> _What to work on_: Repeat every line of the data exactly; no picture belongs in the copy.

Segment Start: Information supplied

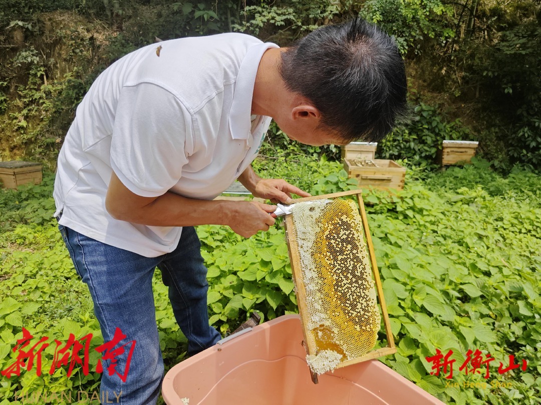 衡山县融媒体中心6月15日讯【记者:唐有权 谭芳丽 谢芳】为壮大村集体经济,增加村民收入,新桥镇新桥村依托山区树茂花繁、蜜源丰富这一得天独厚的自然资源优势,积极发展“一村一品”特色产业——蜜蜂养殖。当前正值六月,村里的蜂蜜迎来了高产期。
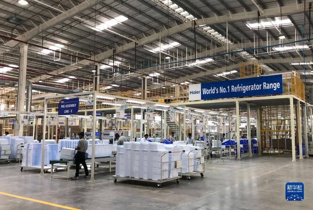 2017年11月16日,在印度浦那市,工人在中國海爾集團工業(yè)園廠(chǎng)房?jì)裙ぷ?。新華社記者 張興軍 攝
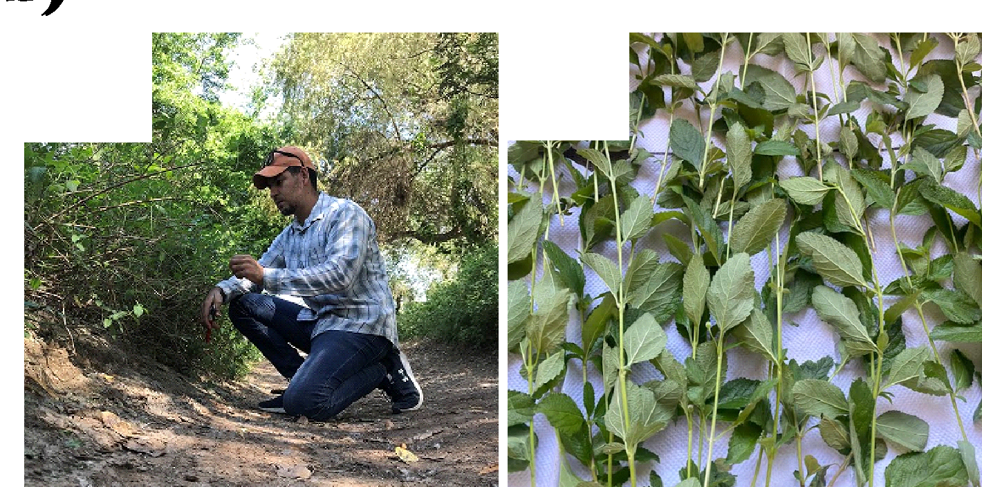 Figura 1. Obtención de la planta L. alba. a) Recolección de fragmentos de tallo, b) Proceso de secado.
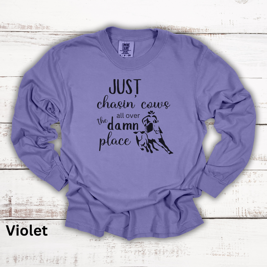 Just Chasin Cows All Over The Place Long Sleeve Tee

Segment End: Information supplied

> _Task solution_:
 衡山县融媒体中心6月15日讯【记者:唐有权 谭芳丽 谢芳】为壮大村集体经济,增加村民收入,新桥镇新桥村依托山区树茂花繁、蜜源丰富这一得天独厚的自然资源优势,积极发展“一村一品”特色产业——蜜蜂养殖。当前正值六月,村里的蜂蜜迎来了高产期。
 2017年11月16日,在印度浦那市,工人在中國海爾集團工業(yè)園廠(chǎng)房?jì)裙ぷ?。新華社記者 張興軍 攝
 Figura 1. Obtención de la planta L. alba. a) Recolección de fragmentos de tallo, b) Proceso de secado.
 Just Chasin Cows All Over The Place Long Sleeve Tee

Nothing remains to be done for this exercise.